B. Current Context: Successes and Challenges
The United States has improved the lives of millions of people and transformed the practice of development by adopting more effective policies and programs.
• Advancing Development and Reinforcing Reform. The Administration pioneered a revolution in development strategy with the Millennium Challenge Account program, rewarding countries that govern justly, invest in their people, and foster economic freedom. The program is based on the principle that each nation bears the responsibility for its own development. It offers governments the opportunity and the means to undertake transformational change by designing their own reform and development programs, which are then funded through the Millennium Challenge Corporation (MCC). The MCC has approved over $1.5 billion for compacts in eight countries, is working with over a dozen other countries on compacts, and has committed many smaller grants to other partner countries.
• Turning the Tide Against AIDS and Other Infectious Diseases. The President’s Emergency Plan for AIDS Relief is an unprecedented, 5-year, $15 billion effort. Building on the success of pioneering programs in Africa, we have launched a major initiative that will prevent 7 million new infections, provide treatment to 2 million infected individuals, and care for 10 million AIDS orphans and others affected by the disease. We have launched a $1.2 billion, 5-year initiative to reduce malaria deaths by 50 percent in at least 15 targeted countries. To mobilize other nations and the private sector, the United States pioneered the creation of the Global Fund to Fight HIV/AIDS, Tuberculosis, and Malaria. We are the largest donor to the Fund and have already contributed over $1.4 billion.

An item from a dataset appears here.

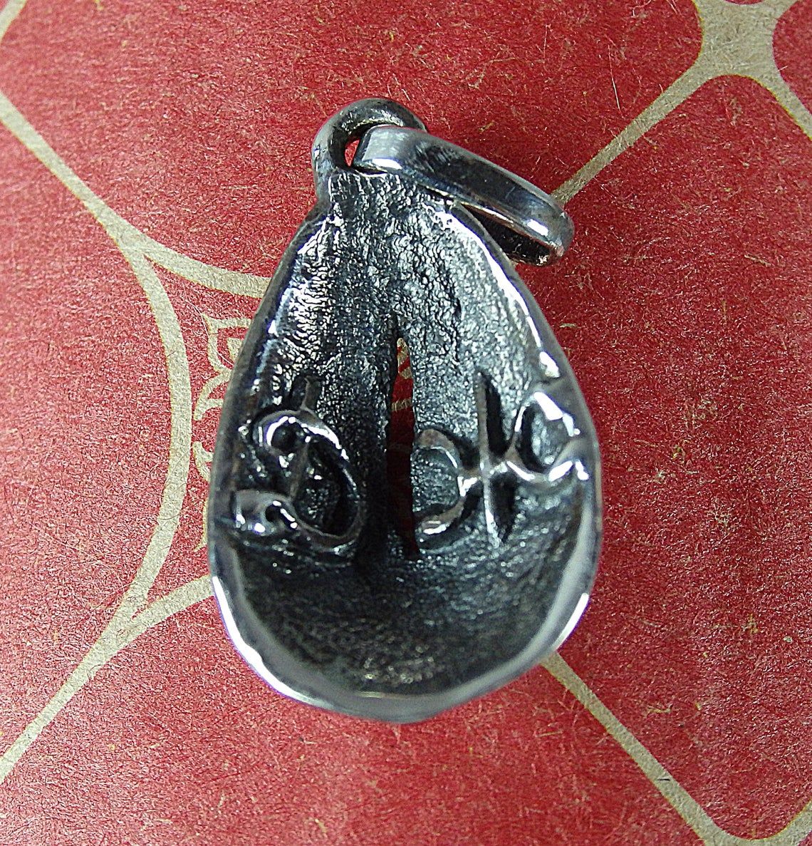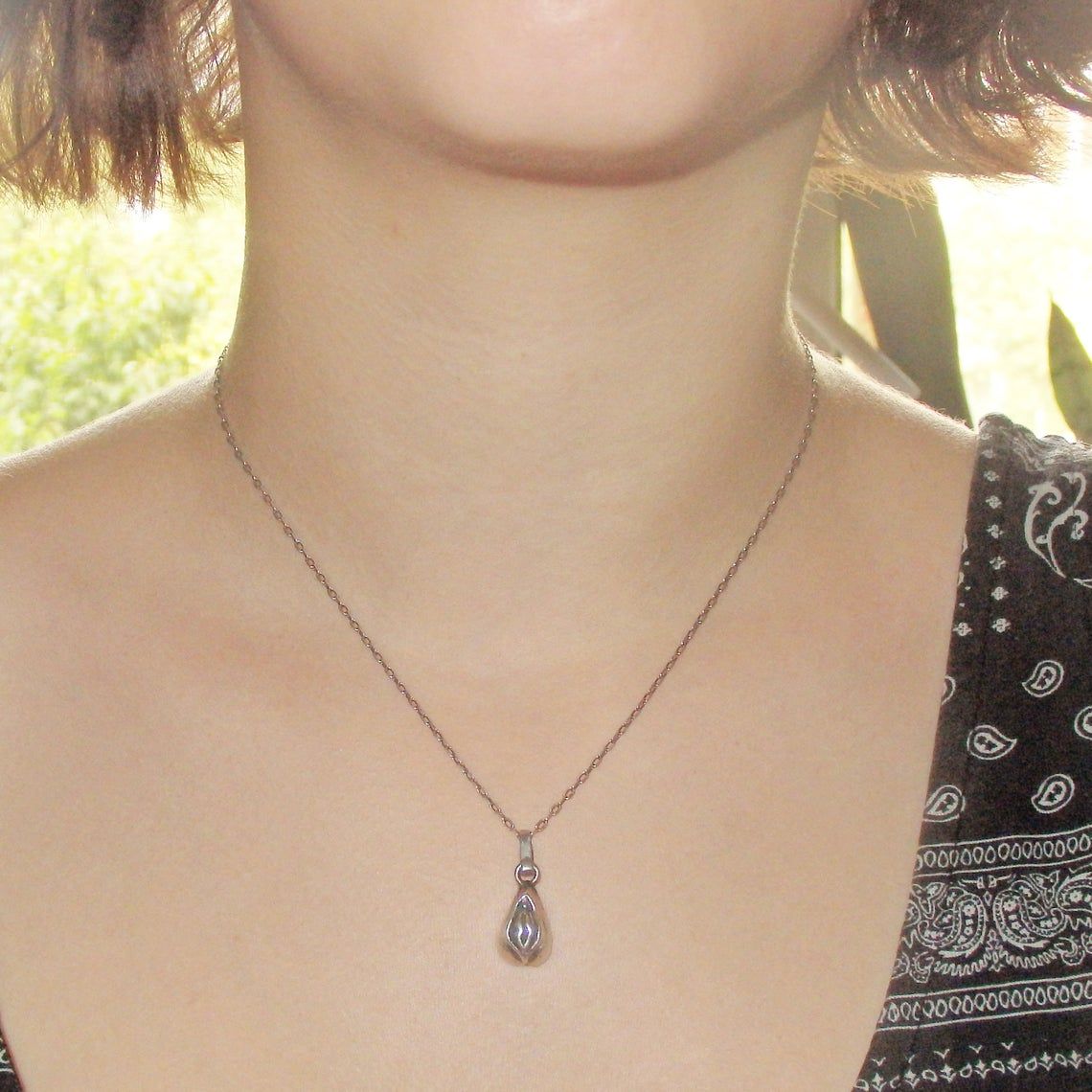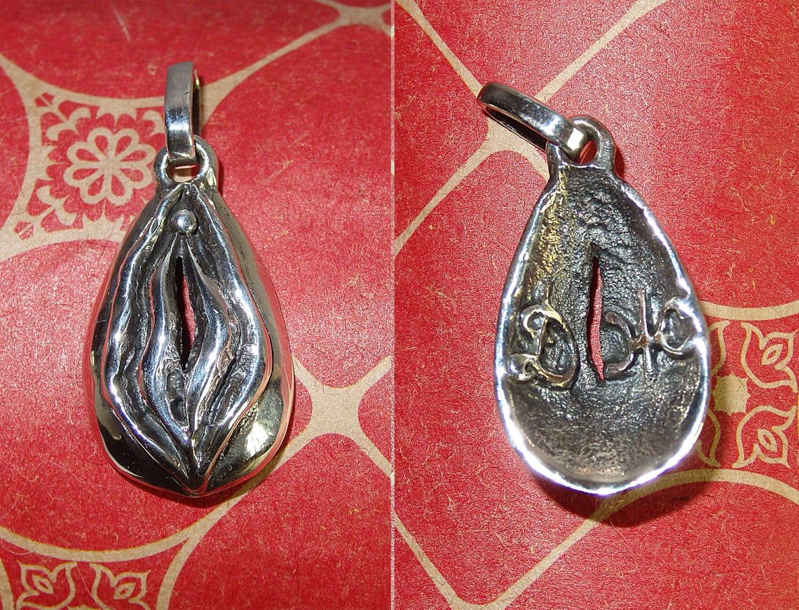 Small silver pendant in the shape of a vagina. Silver jewelry with the initials of a loved one on the inside of the pendant.

• Promoting Debt Sustainability and a Path Toward Private Capital Markets. The Administration has sought to break the burden of debt that traps many poor countries by encouraging international financial institutions to provide grants instead of loans to low-income nations. With the United Kingdom, we spearheaded the G-8 initiative to provide 100 percent multilateral debt relief to qualifying Heavily Indebted Poor Countries. Reducing debt to sustainable levels allows countries to focus on immediate development challenges. In the long run, reducing debt also opens access to private capital markets which foster sound policies and long-term growth.